The Library of Congress is set to stop archiving all Twitter posts at the end of the month.
From December 31, the Library of Congress will no longer archive all posts but will still collect tweets deemed historically significant.
“In April, 2010, the Library of Congress and Twitter signed an agreement providing the Library the public tweet text from the company’s inception through the date of the agreement, an archive of tweets from 2006 through April 2010. Additionally, Twitter agreed to provide tweets on an ongoing basis under the same terms,” the Library of Congress declared in a white paper. “The Library saw an opportunity to document the emergence of online social media for future generations.”
“As the twelfth year of Twitter draws to a close, the Library has decided to change its collection strategy for receipt of tweets on December 31, 2017. After this time, the Library will continue to acquire tweets but will do so on a very selective basis under the overall guidance provided in the Library’s Collections Policy Statements and associated documents,” they explained. “Generally, the tweets collected and archived will be thematic and event-based, including events such as elections, or themes of ongoing national interest, e.g. public policy.”
“The Library continuously reviews its ongoing acquisitions, whether subscriptions to newspapers or the receipt of tweets via a gift,” the Library proclaimed. “As a result of the review, the Library has determined that its initial Twitter collection will consist of a twelve-year snapshot of the beginning of one of social media’s most important and transformative communication tools. Subsequent selective tweet collecting may continue in addition to the twelve-year snapshot.”

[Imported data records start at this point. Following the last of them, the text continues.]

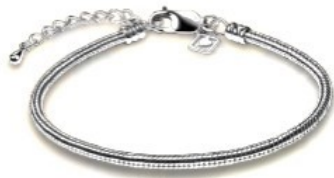
Bracelet is sold separately AUNL2BR - Bracelet
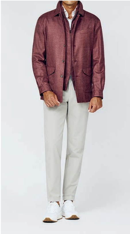
Look 9189 Dusty red mélange wool-silk-linen twill utility jacket - 9189 Dusty red mélange wool-silk-linen twill vest with zip - SH00176 White cotton piqué knit shirt - OLM003 Bone stretch water-repellent technical drawstring trousers - SNG07 White sneaker grain calf sneakers ( Made in Portugal )

A celebration of rich tones and refined textures. From soft rust pink to deep rusty red, these looks explore the expressive side of menswear colour. Defined by utility-inspired silhouettes and sophisticated layering, they bring depth and warmth to the modern wardrobe.
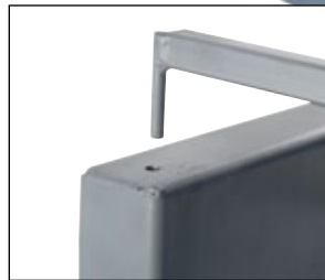
Front Squaring Support Member
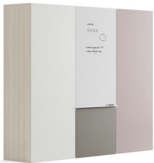
Whiteboard*, Melamine, Fabric
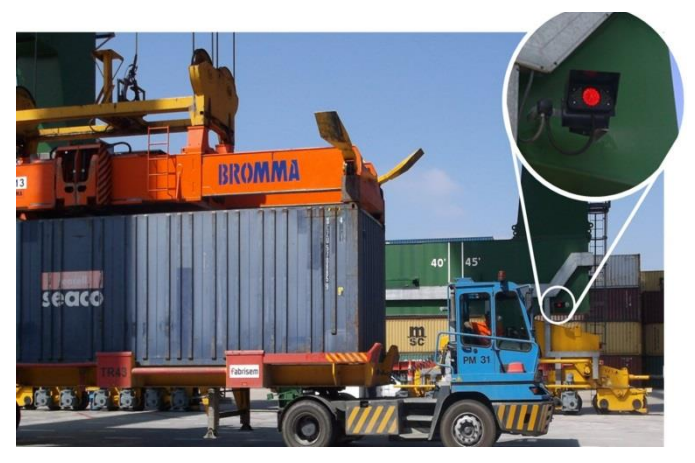
Figure 1 Prime Mover Stopped in the Correct location

Instructions are provided to the truck driver via the LED matrix. As a truck approaches, the system will detect whether the trailer is loaded. For a loaded trailer, the system will determine the profile of the load (single/twin 20', 40' or 45') and provide the
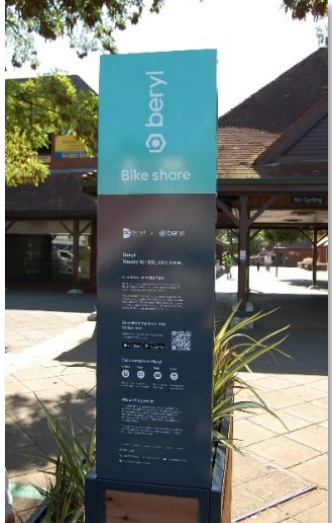
Above, pictures at the launch of the bike sharing scheme
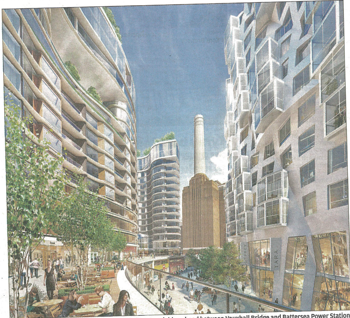
Future is bright: Nine Elms and the creation of a new neighbourhood between Vauxhall Bridge and Battersea Power Station

Among the exciting range of new watery spaces proposed are floating gardens in Docklands, a linear lido along Regent's Canal, between Little Venice and Limehouse, and a reinstated River Fleet channel as a new
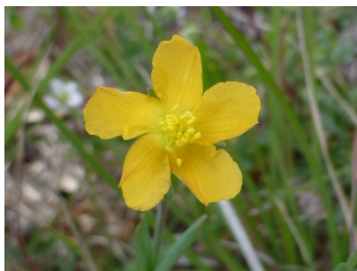
Hypericum gramineum RF
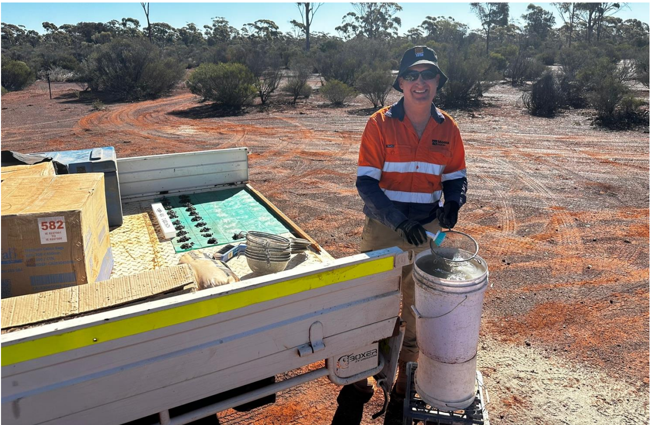
Figure 6: Logging geology on site at the Northern Zone Project
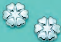
F. Paloma's Crown of Hearts earrings in sterling silver, for pierced ears. Also in 18k gold.
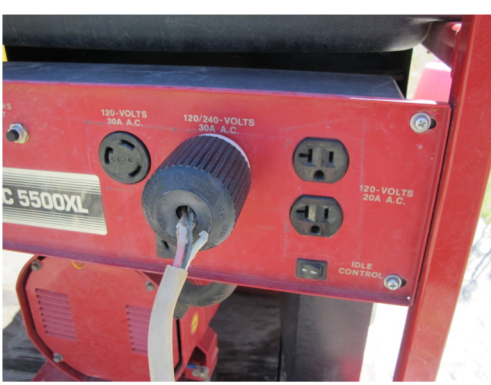
Insert and Twist to Right to Secure
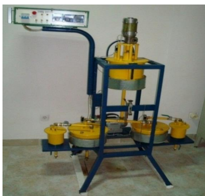
Fig. 3. General view of the experimental oil treatment plant: 1 is mixer-sump, 2 is engine; 3 is tank; 4 is sensor; 5 is rack; 6 is spiral.

Performance testing of oxidation products used motor oil, developed by the author with oil purifier brands ITAC (PWAM)-100 was conducted at agricultural enterprises yukori Chirchik district of Tashkent region following the methodology set out in Chapter 3. The purpose of the performance test was to establish the operational life of the device. At the same time, the filters were periodically regenerated and re-tested after each resource cycle. The content of organic contamination was determined by the color and acid content.
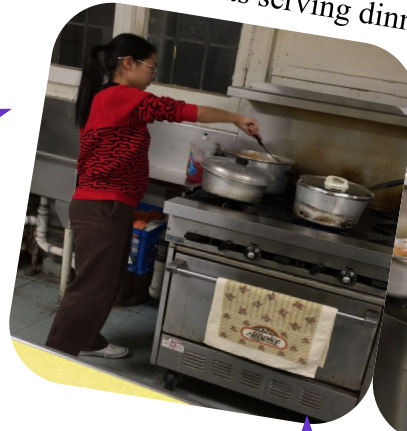
Students serving dinner at Hilda's Place.
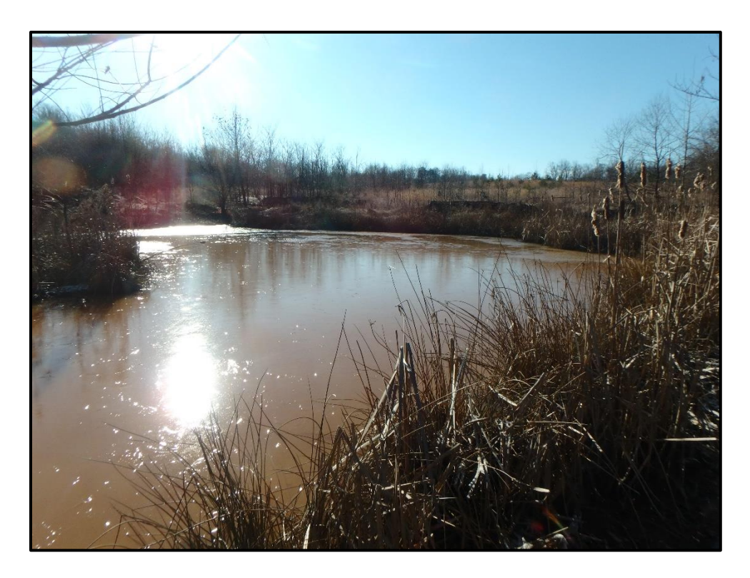
Waters 4XXXX - POW
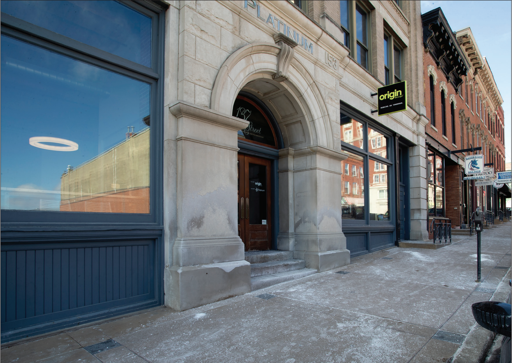
Exterior of Origin Design on Main Street in Dubuque.
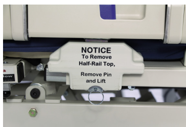
Install lock pin

Removal: pull out pin and lift rail straight up
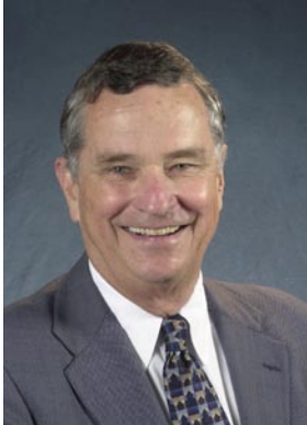
Hodding Carter, III
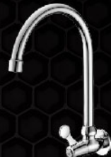
A51000/ HSS01 F2
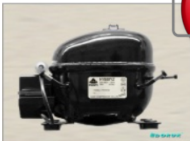
AE 1360 Y
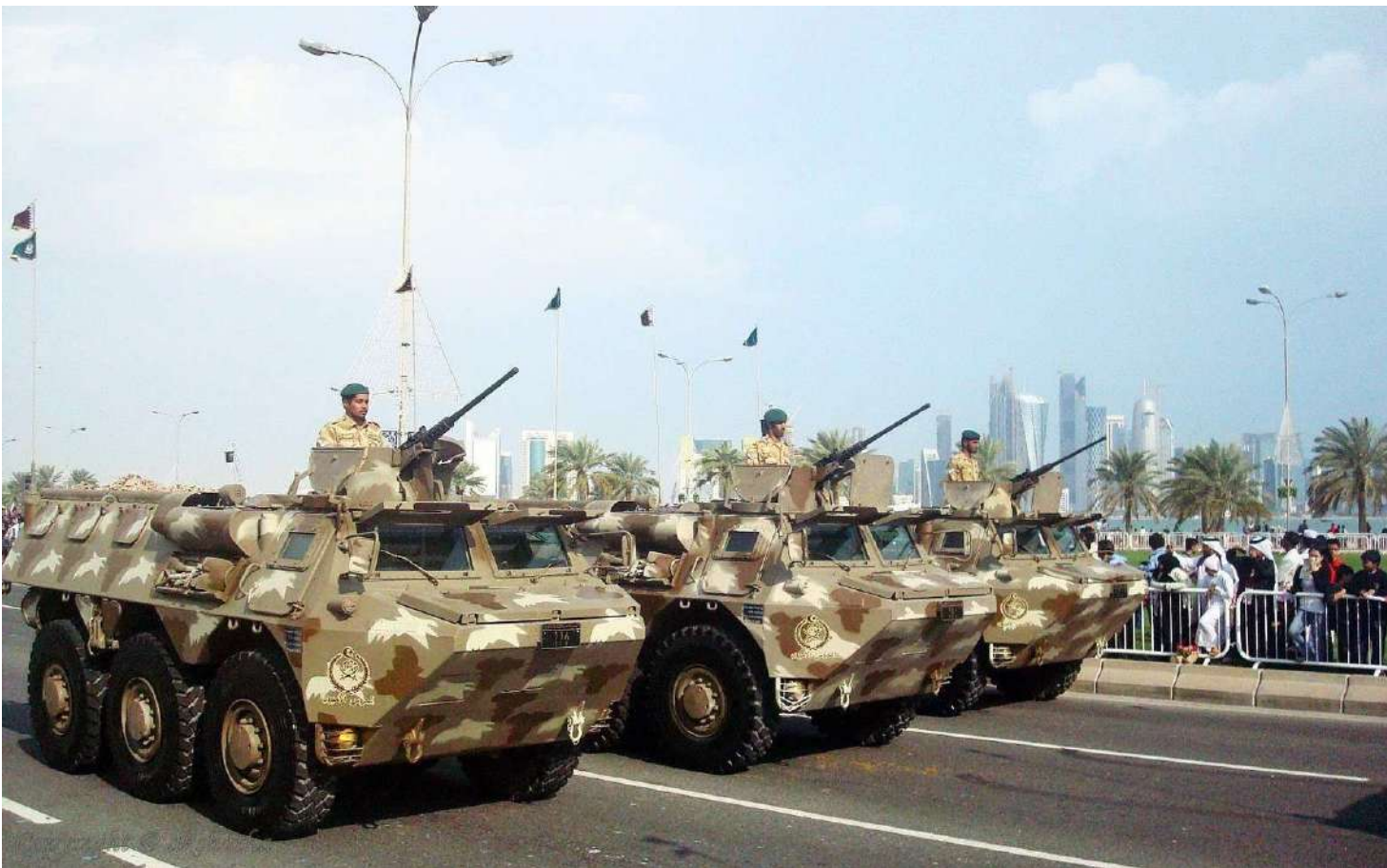
Qatar donated 68 armored vehicles to Somalia in 2019, cementing Doha's presence and influence in the country

Somalia's trade with Qatar remains highly asymmetrical. In 2023, Somalia exported $13.2M in livestock to Qatar, growing at 23.1% annually since 2018, while Qatar's exports to Somalia totaled just $143K, despite a higher growth rate of 45.7%. This suggests Somalia benefits more from the trade relationship (Observatory of Economic Complexity, 2023).
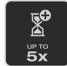
Up to 5 times longer lifetime3)

See and be seen with OSRAM. Cool white color temperature similar to daylight. For more safety on the road, especially when driving at night
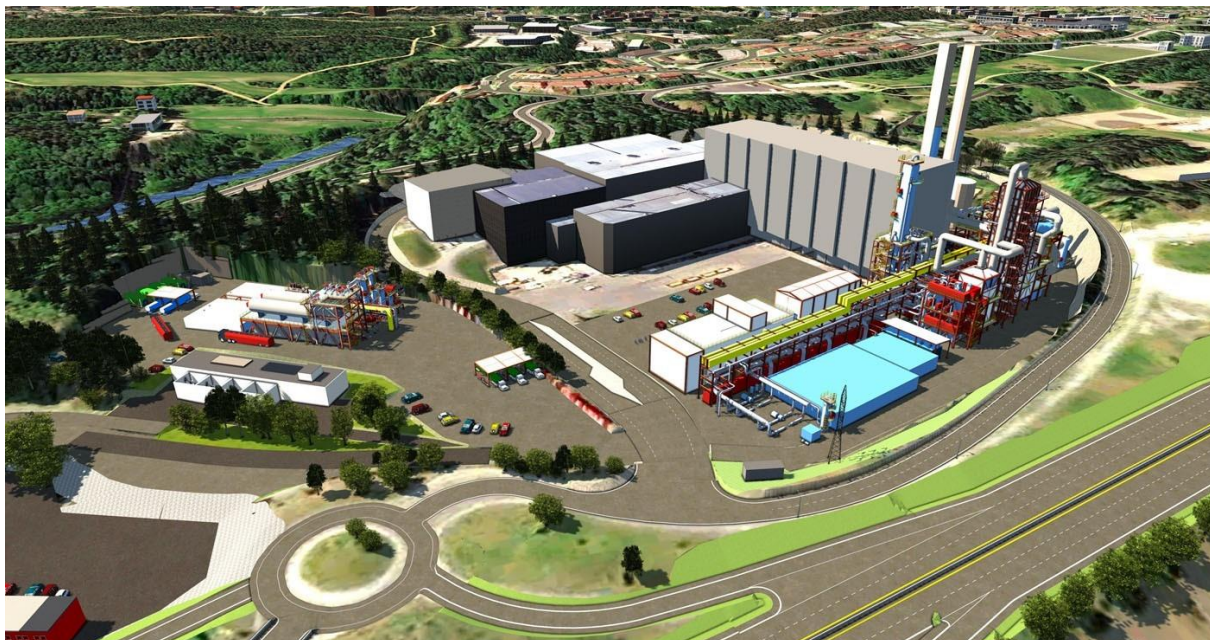
Hafslund Oslo Celsio's CO 2 capture plant will be capturing 400 000 tonnes of CO 2 from 2026.
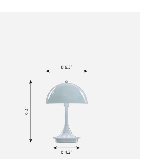
PH 2/1 Portable
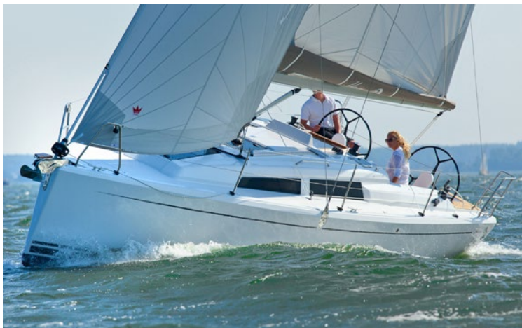
Hanse 315 featuring C153 mast section.

The four wheel IWS car simplifies hoisting, reefing and dousing a main sail fitted to our smallest mast sections in the Yacht-range. The car is made of composite making it strong and light
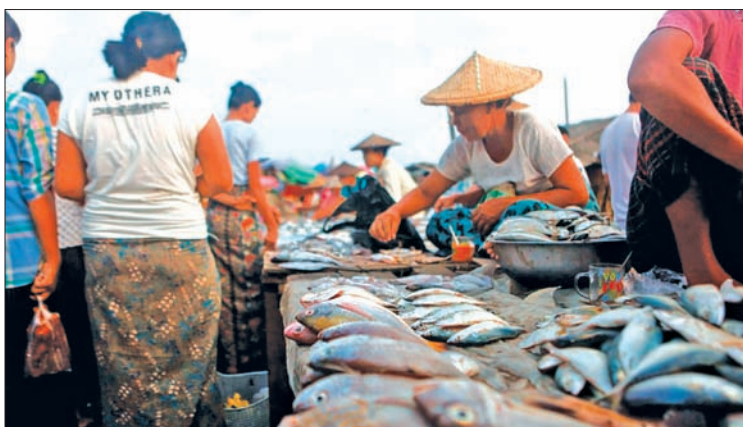
Vendors sell fish in Pauktaw in Rakhine State.

the leadership role of the Union government in the fight against the effects of El Niño in cooperation with regional governments, non-governmental organisations and the people.—GNLM
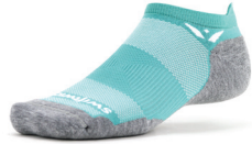
WATERFALL BLUE #ZNAW0TZ
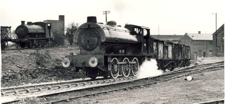
Hunslet 2879 of 1943 and named Diana seen in operation at Wheldale Colliery on 9 April 1971. This loco is preserved at the Caledonian Railway awaiting restoration.

With the preservation movement well underway by this time, not surprisingly a few (under-statement of the year!?) found new homes and a more relaxing lifestyle. Not always loved by enthusiasts, it cannot be under-estimated the amount of work these locos put in, in the early years of many of today's major preserved, sorry, heritage railways, until they simply out-grew them. Fortunately most of the smaller/light and specialist industrial railways can still find plenty of uses for them, in a good way!
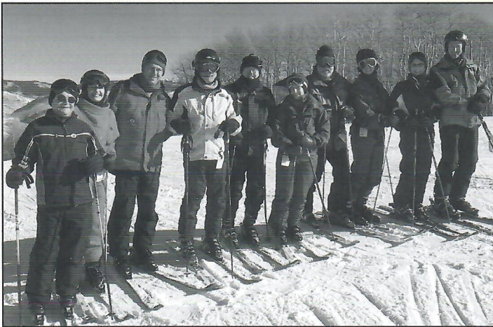
Big Dog Amigos at Beaver Creek
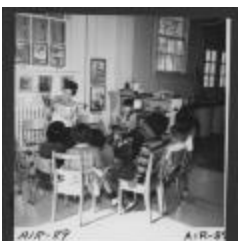
Alberni Indian Residence Alberni, B. C. Kindergarten at residence. (13d-c5699-d53)
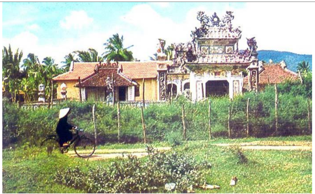
5. Đà Nàng AB: Photo by Vernon Hodge, 1968.
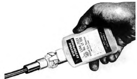
#69-21101 Liquid Leak Detector. Pinpoints any gas leak as small as .0001cc per second. Safe for use with oxygen. 8 oz. bottle.
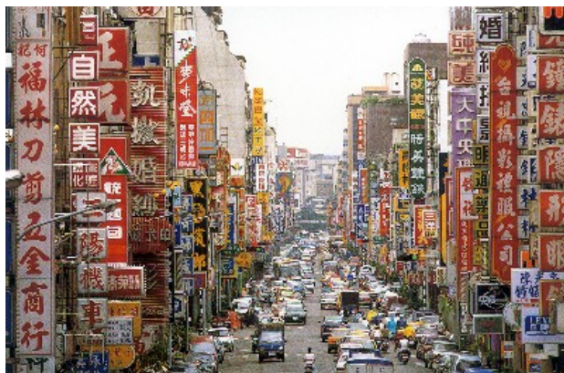
Postcard image of Taiwan

As for the two large islands of Hainan and Taiwan, which are like anchors cast out to sea from the Chinese continent, it is quite fascinating to compare their evolution. Both were initially occupied by non-Chinese populations, in the first case by Thais especially and by Austronesians in the second, so we could say that, from a certain perspective, they were both at base “Southeast Asian”. But if Hainan was Sinicised quite early and has never ceased to form part of the continental system, Taiwan was not really occupied before the seventeenth century, above all by farmers from Fujian; and we know what its recent evolution has been.
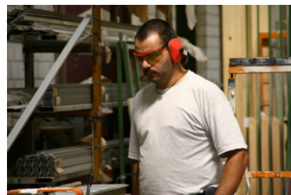
Stage 8 Aluminium cutting
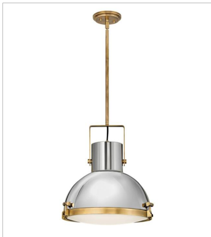
49065HB LARGE PENDANT 18" W, 19" H Socketed 1-12w Med. LED, 100w Equiv.

FINISH: Heritage Brass with Polished Nickel accents, Heritage Brass, Heritage Brass with Heritage Brass accents GLASS: Etched Opal

In their white paper, the Library of Congress claimed that several factors contributed to their decision to end the mass archiving.
“The nature of Twitter has changed over time,” they argued, adding that, “The volume of tweets and related transactions has evolved and increased dramatically since the initial agreement was signed,” and that “The Library only receives text. It does not receive images, videos or linked content. Tweets now are often more visual than textual, limiting the value of text-only collecting.”